The response should repeat word for word every line below from the one with "下午金老師一行前往筏可紀念中" to the one with "New Catherine Stein", inclusive, and nothing else; leave pictures out.

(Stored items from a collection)
##############################
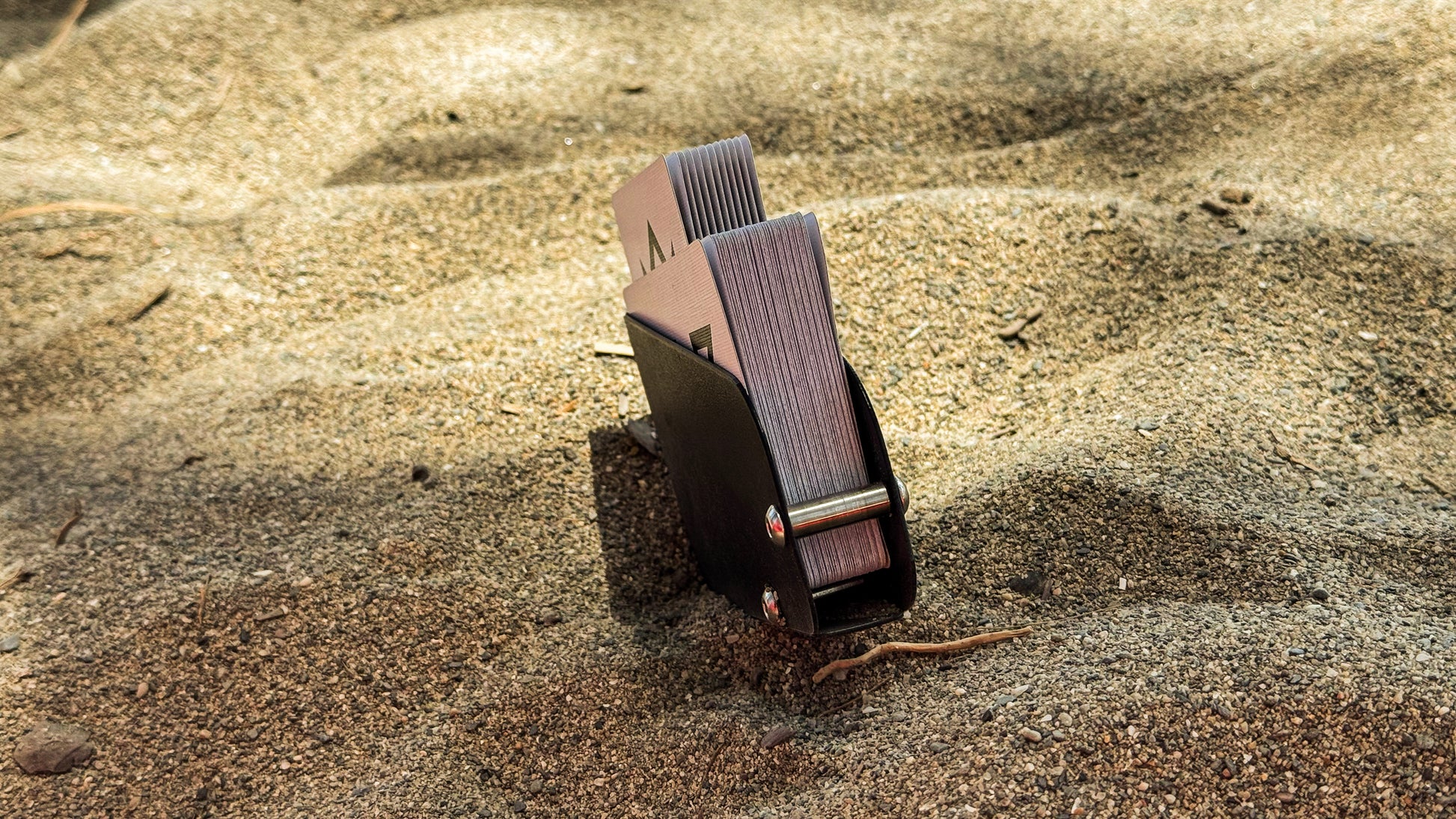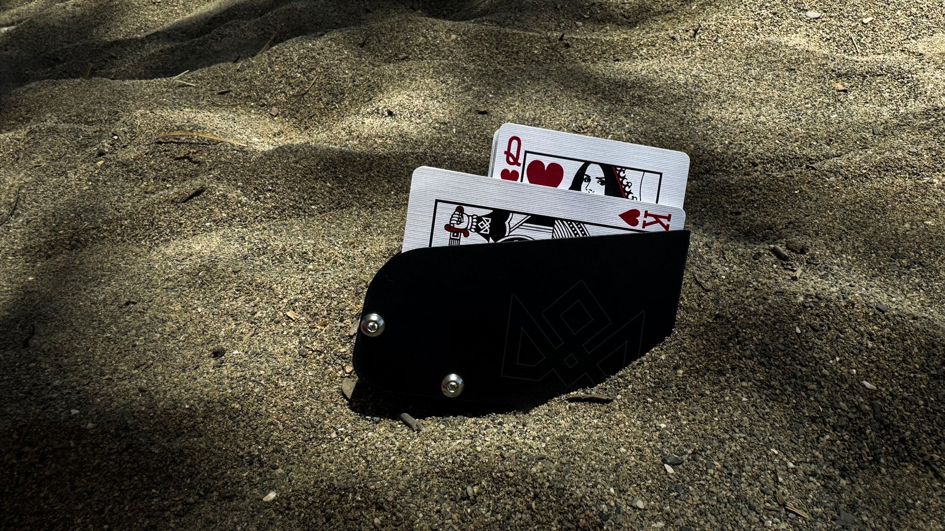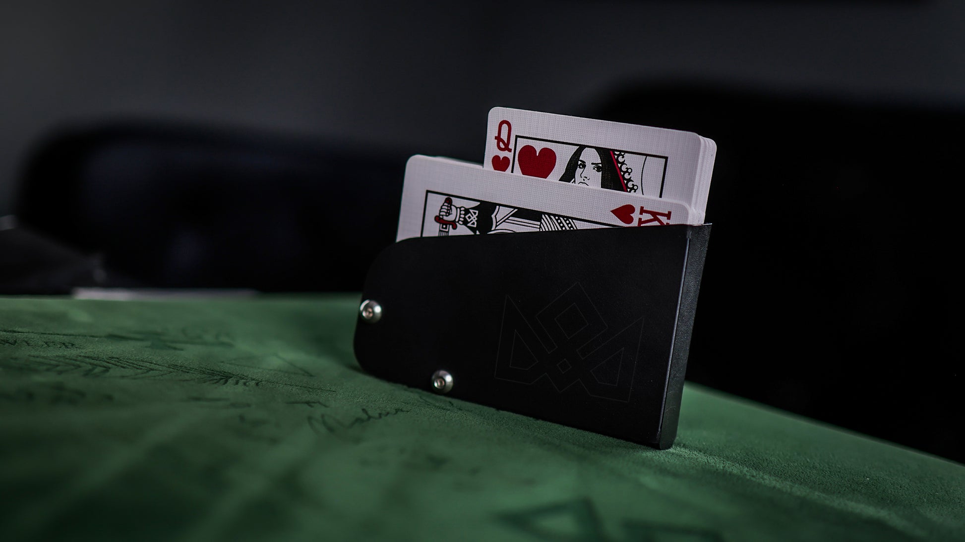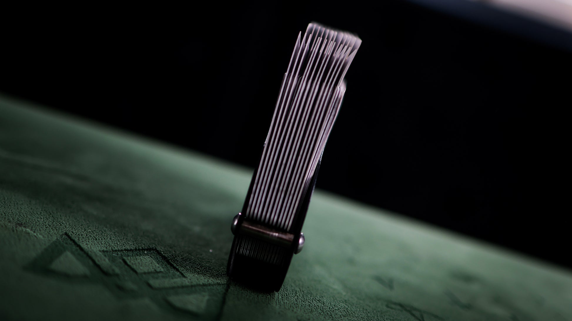 The new device by MADISON and O’HARE comes with a few revolutionary improvements that once again prove the genius of Eoin O’hare’s mechanical and precision engineering. This device acts as a holster for the deck, replacing the original torn tuck box. The deck is secured inside the black flexible device, by the design and the new features, which on first inspection appear to be simple steel bars that also hold the device together, however, these two simple bars allow for the smoothest of extrications by becoming pivot-points for the desired cards…
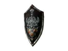 Внутриигровое описание: Щит, описанный в древних легендах. Говорят, его изготовили из когтей черного дракона, поэтому он так и выглядит. Легенду о бледном драконе много где рассказывают, но лишь обрывками. Изредка упоминается и черный дракон. Некоторые считают, что рассказчики добавили его в историю совсем недавно.
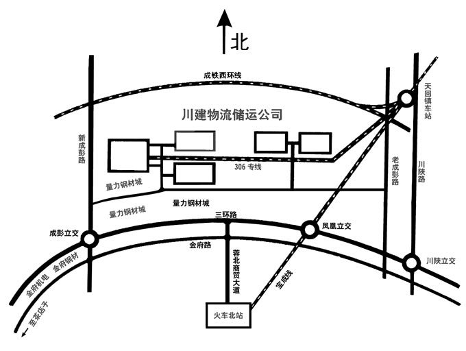 川建物流公司地理位置得天獨(dú)厚,地處成都市外北洞子口生資、建材、機(jī)電市場黃金地段,三環(huán)路成彭立交橋外200米,西緊靠新成彭公路;東臨國家鐵路寶成線、南通過成都市蓉北商貿(mào)大道僅4公里到達(dá)成都火車北站;北有成都鐵路西環(huán)線、成都繞城公路環(huán)繞其外;公司擁有5.8公里306鐵路專線與寶成鐵路在天回鎮(zhèn)接軌,自有GK1C、東方紅5型內(nèi)燃機(jī)車各一臺,并有編組站線。四通八達(dá)方便快捷,是貨物儲存中轉(zhuǎn)的理想場地。川建物流儲運(yùn)公司機(jī)械化操作程度高,各類裝卸設(shè)備齊全,有8噸、16噸、50噸汽車吊各一臺;有C7022、C5530、H3/36B等塔式起重機(jī)5臺;10噸、20噸行車3臺;3噸叉車2臺。本公司還有專業(yè)運(yùn)輸車隊(duì),各型載重汽車數(shù)十輛,并具有維修各種工程機(jī)械、汽柴油機(jī)動(dòng)車輛的能力和資格。
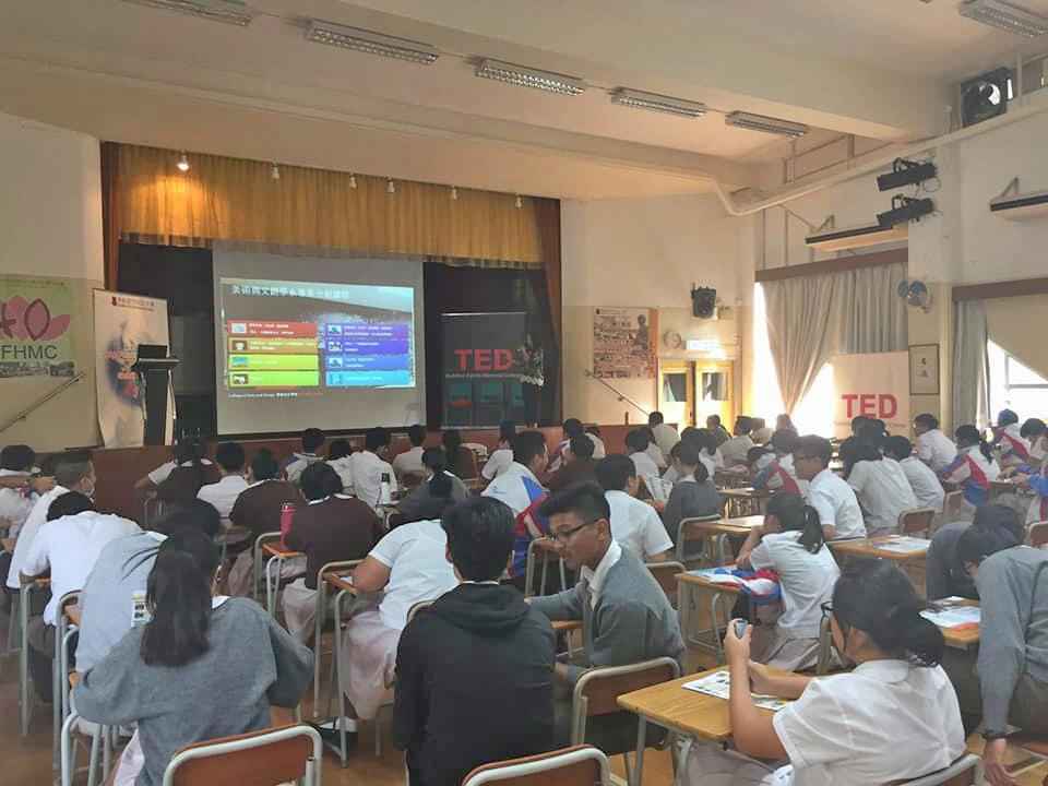 下午金老師一行前往筏可紀念中學,與80位中六同學舉辦升學講座。筏可紀念中學致力發展多元化課程,照顧不同能力及志趣的學生,與本校所推動的不分系產業學程不謀而合,讓同學明白前往臺灣學習,不只能學習藝術專業,更能選修其他系課程,培養成為藝術行政人員或是具有多專長的才能。
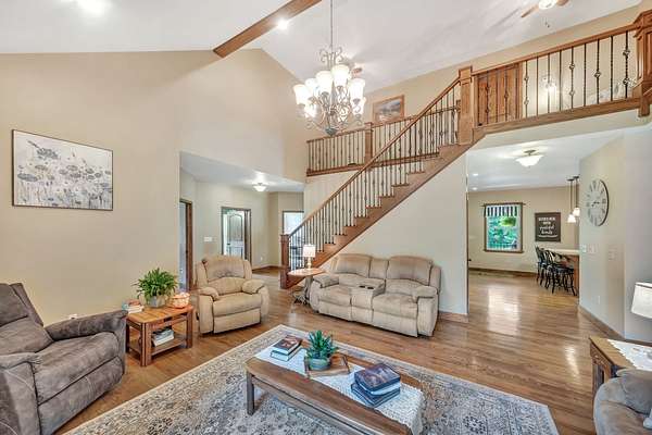 Nestled on 12 serene acres between Summertown and Hohenwald, this builder's custom home offers a perfect blend of luxury and rural charm. Featuring elegant hardwood flooring, this residence boasts spacious rooms, including a generous dining area and a vaulted great room.
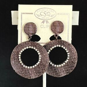 New Catherine Stein Designer Earrings Clear Crystal Accents Clip On 6H
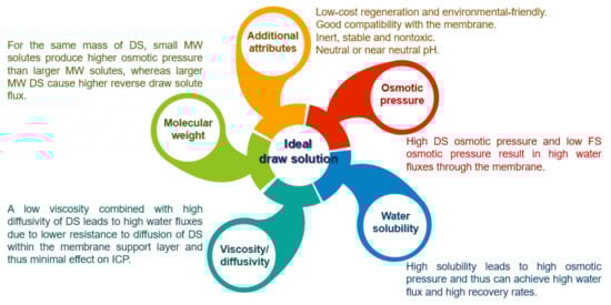 The osmotic agent, otherwise known as the draw solution (DS), provides the driving force of the FO process that plays an important role in an FO system efficiency [101], and it is responsible for absorbing water from feed solution (FS) through a semi-permeable membrane [102]. However, there is unanimous agreement that one of the challenges facing the future development of FO is finding an appropriate draw solution capable of significantly boosting FO performance. An appropriate draw solution not only promotes the efficiency of the FO process but also saves costs of the subsequent steps in recovering and replenishing the draw solute [103]. In selection, an ideal DS must be able to meet a variety of criteria to successfully drive the FO process, including being able to: (I) generate a high enough osmotic pressure; (II) have a low viscosity to facilitate easy pumping throughout the system and improved water flux; (III) have a low reverse solute flux (RSF); (IV) be available in large quantities at a reasonable price; (v) any toxicity of the draw solute will be a big concern if there is a chance that the finished product water may get contaminated [104]. Yet, Figure 10 highlights some important characteristics of a perfect DS that could impact FO performance. In the past few years, different draw solutions have been used in the FO process, and they can be classified into two categories: electrolyte solutions and non-electrolyte solutions; and evaluated in a search for an ideal draw solute. An overview of the recent advances in various draw solutions is demonstrated in Table 2.
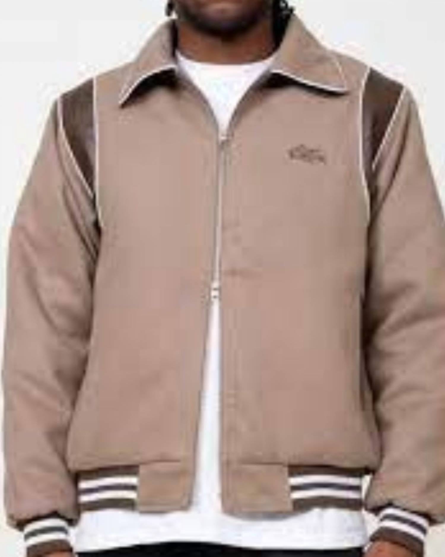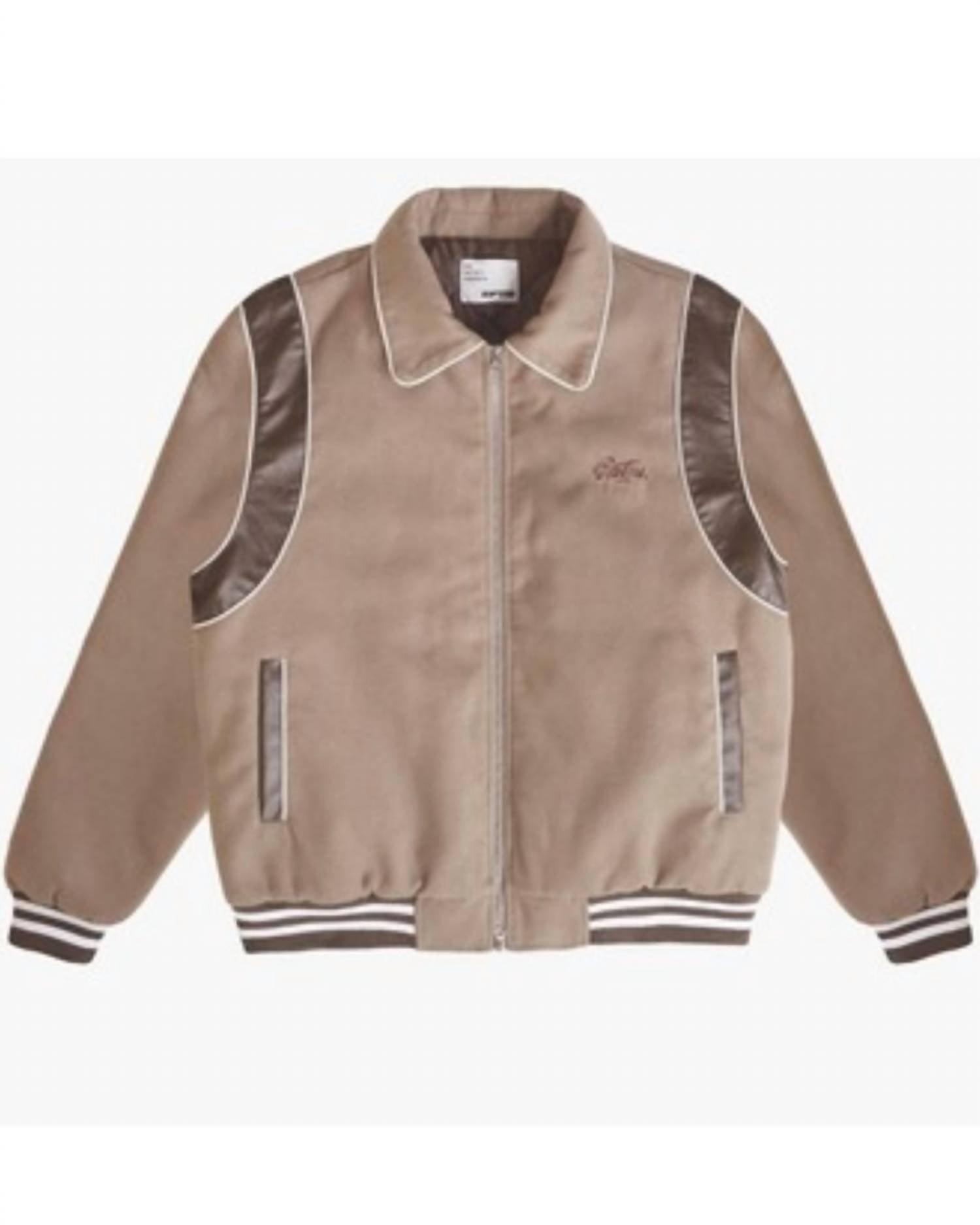 The EPTM 23 Two-way Zipper Varsity Jacket is an essential streetwear piece featuring long sleeves and a cozy padded lining for comfort. Crafted entirely from 100% polyester, the mocha-hued jacket showcases faux wool and leather textures enhanced by elegant piping accents. Designed with versatility in mind, it includes banded rib accents, two welt pockets with faux leather detailing, and an additional inside chest pocket. Origin: Not specified. Closure: Two-way zip closure. Care instructions: Machine wash.
##############################
**RESPONSE TO THIS EXERCISE:**
 下午金老師一行前往筏可紀念中學,與80位中六同學舉辦升學講座。筏可紀念中學致力發展多元化課程,照顧不同能力及志趣的學生,與本校所推動的不分系產業學程不謀而合,讓同學明白前往臺灣學習,不只能學習藝術專業,更能選修其他系課程,培養成為藝術行政人員或是具有多專長的才能。
 Nestled on 12 serene acres between Summertown and Hohenwald, this builder's custom home offers a perfect blend of luxury and rural charm. Featuring elegant hardwood flooring, this residence boasts spacious rooms, including a generous dining area and a vaulted great room.
 New Catherine Stein Designer Earrings Clear Crystal Accents Clip On 6H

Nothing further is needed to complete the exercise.